Business News Media

BBC Radio 3 celebrates 70th anniversary looking to the past, present and future

By | Published on Friday 30 September 2016

Alan Davey

BBC Radio 3 has launched a series of programmes and events to mark its 70th anniversary – having been launched as The Third Programme way back in 1946. The season will run for 70 days into December, kicking off with various broadcasts and live events at London’s Southbank Centre.

As well as celebrating key moments from the station’s history, the 70th Season will also hail where Radio 3 is today. In one such example of this, the station will have a composer in residence, Matthew Kaner, working on new music and talking about the process behind it for the full duration. It will also commission various composers to create new works based on the life of the station.

Commenting on the significance of BBC Radio 3 in 2016, and after 70 years of life, Controller Alan Davey told CMU: “Radio 3 remains a source of innovation and inspiration in music and culture, now more than ever. We are constantly seeking ways to connect our audience to pioneering music, to find what is new, whether it’s new jazz, new classical, new world music, new poetry/spoken word, new drama or new ways of talking about music that was pioneering and innovative in its day. As music genres increasingly blur it offers us a chance to bring people to different forms of music in new ways and through other routes”.

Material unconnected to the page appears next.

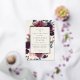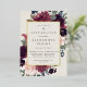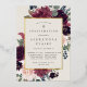 Chic floral confirmation invitation features a border of burgundy marsala purple, blush pink, and dusty blue flowers, with lush botanical foliage and greenery and gold foil trim. Personalize with your church ceremony and celebration details in modern lettering on a rich ivory off-white background.
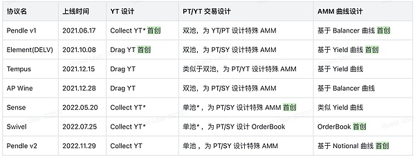 大家主要的区别是 YT 设计,YT 代表生息资产的浮动收益获取权,设计大体分为两种:

“As well as launching new shows and examining the music scene on the ground, we commission more new classical music than any other organisation”, he continues. “We also have a huge commitment to jazz with four dedicated shows, and a world music show. Plus there’s ‘Late Junction’, which offers a broad eclectic range of contemporary music, and was recently at the Serpentine Pavilion with a mix of accordion soul, post-punk and electronic music. Another key part of Radio 3’s role is supporting new talent through schemes like BBC Introducing and New Generation Artists. But our commitment to music and new talent is not new, it’s in our DNA and has been true of all of our 70 years”.

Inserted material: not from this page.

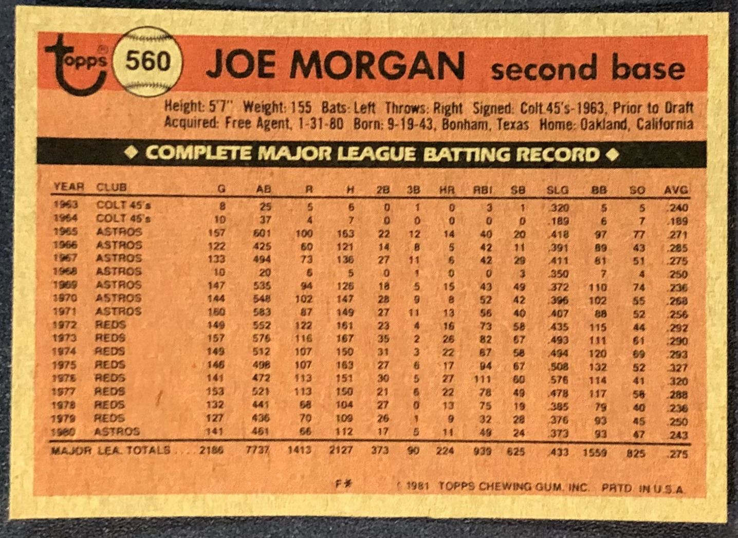 Lot 573 1981 TOPPS JOE MORGAN (HOF)

Asked what pieces of archive material being revisited as part of the 70th anniversary might surprise listeners, he says: “I hope they’ll be surprised at the constant questing for the new that we’ve displayed throughout our 70 years, and our playing about with the radio form – producing remarkable things like ‘Under Milk Wood’ through to the fact that many composers were given their first airing on The Third Programme/Radio 3. We’ve been constantly commissioning and broadcasting new work”.

Other highlights from the anniversary programme include new radio dramas, a new show called ‘Exposure’ showcasing new music from various locations around the UK, and a whole day focussed on the BBC’s various performing groups on 27 Nov.